The Belgian State’s counterclaims were rejected by the Court since the requested general prohibition to exploit online activities in Belgium and send emails to the Belgian nationals would be a heavy invasion in the parties’ freedom to act and to trade, which could not be justified by any imminent risk for the public order.
Reimbursement to Belgian players was also rejected on the grounds that the Belgian State is not entitled to the funds at stake.
In an interview by the news group RTLinfo.be, Bart Heynickx, a lawyer at the law firm which defended the Belgian State, said that "it is absolutely natural that an online gambling operator deliberately choosing to operate illegally on the Belgian market cannot expect any kind of protection from Belgian jurisdictions”(free translation)(3).
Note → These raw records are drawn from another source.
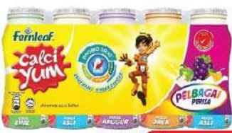
Fernelaf Caldi Yum Cultured Milk Drink (Assorted) 5s x 110ml
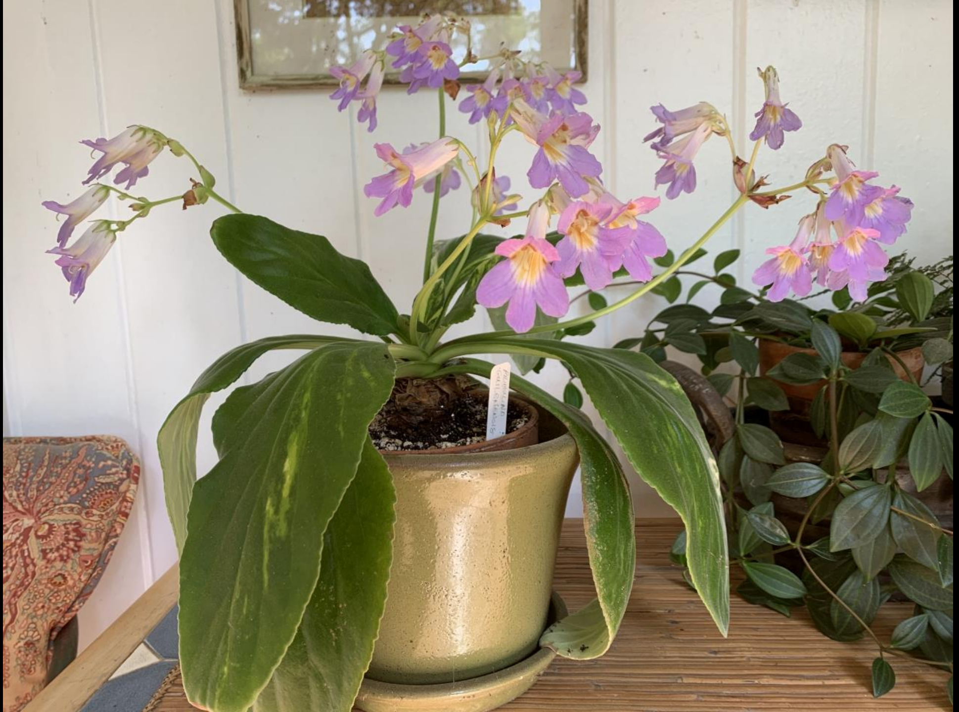
Primulina guelinensis
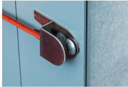
Under panel screws
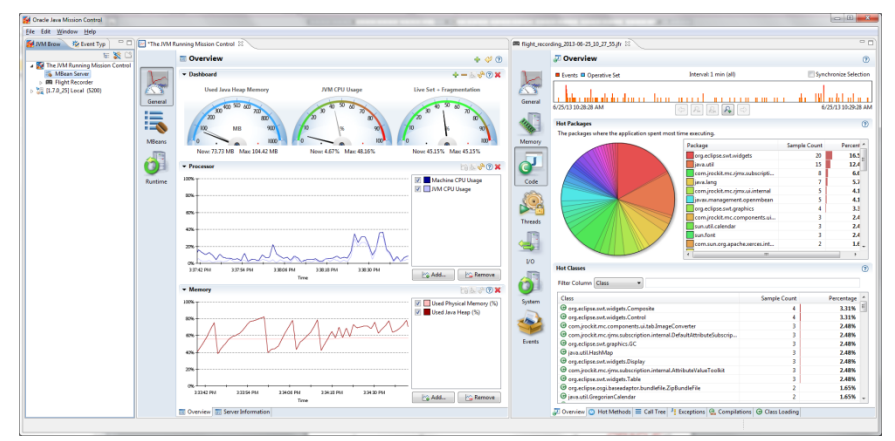
Figure 1: Java Mission Control
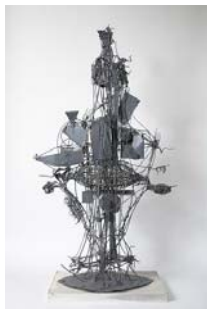
Creature of Clouds, 1949-1950 Steel wire and metal, painted 49 1/2 x 28 x 14 inches (125.73 x 71.12 x 35.56 cm)
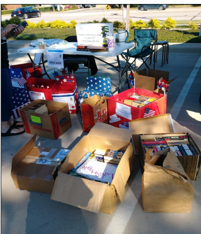
On October 27, books were collected at Heights Recreation Center

Also, we donated 7 boxes containing about 150 books for the Kindness Action Ninja project. Thank you to everyone for your support and encouragement during the successful completion of this project.
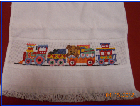
Train Related Crafts 2nd Place Dianne Michel Counted Cross Stitch Train Bib
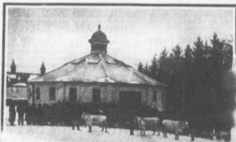
Students Judging Shorthorns

By the teaching of better methods of cultivation, a more systematic rotation of farm crops, the care and selection of seed, the identification of weeds, fungous and insect pests and by the improvement of the home surroundings, we hope to awaken an interest in the life of the farm such as will tend to keep at home farm boys who would otherwise migrate to towns and cities.
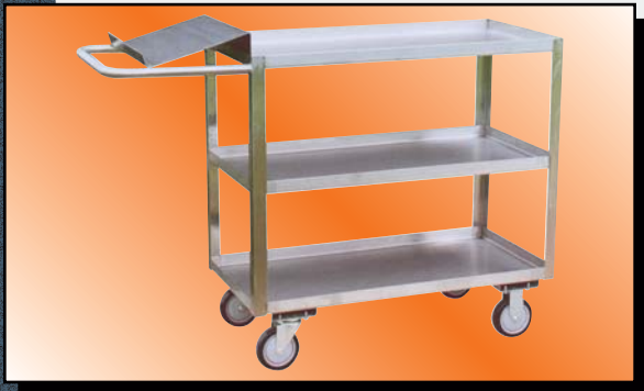
Model YO Shown
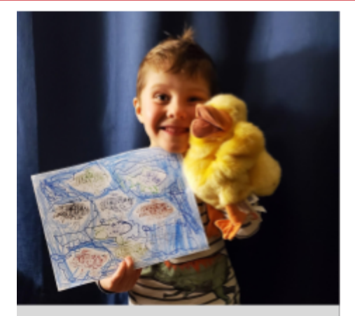
"Art is the best!" -4-H 1st Grader

scholarships from our 4-H Leaders Council. Speaking of awards, this month I found out I had been honored with a state-wide Extension professional organization's Individual Diversity Award. It will be presented at our state Joint Council of Extension Professionals conference in Stevens Point.

In a procedure dealing with prima facie rights such an outcome could have been expected in view of the fact that BwinParty does indeed violate the Belgian law.
Nevertheless and despite judicial confirmation, EU compliance of the BGA is not guaranteed and the black listing remains controversial in many ways.
Additionally to the lack of legal basis and judicial review within the black listing process, it is also confusing for players and services providers: for the time being, only a handful of operators are contained on the BGC’s black list (which also raises the question of discriminatory treatment as compared to the many other operators continuously accepting wagers from the Belgian public) but the BGA has a broader scope and forbids dealing with any unlicensed operator. Consequently, a services provider or player could potentially be considered as joint-tortfeasers together with the illegal operator himself and risk criminal prosecution although a web site was not officially marked illegal by the BGC.
Player protection and information to the public would be better achieved by clearly stating that any web site not contained on the BGC’s white list is illegal rather than listing just a few unlicensed operators under a black list.
While the BwinParty precedent currently contributes to comforting the legality of the BGA and stands unless it is challenged, it remains to be seen whether further conten-tious steps are undertaken in Belgium, either on the basis of the merits of the case or with reference to the EC or CJEU.
(1)Directive 98/34/EC of the European Parliament and of the Council of 22 June 1998 laying down a procedure for the provision of information in the field of technical standards and regulations, O.J., L 204, 21 July 1998, p. 37–48.
(2)See parliamentary works, Chambre des représentants, législature 2009/2010, doc. Nr. 4-1411/6.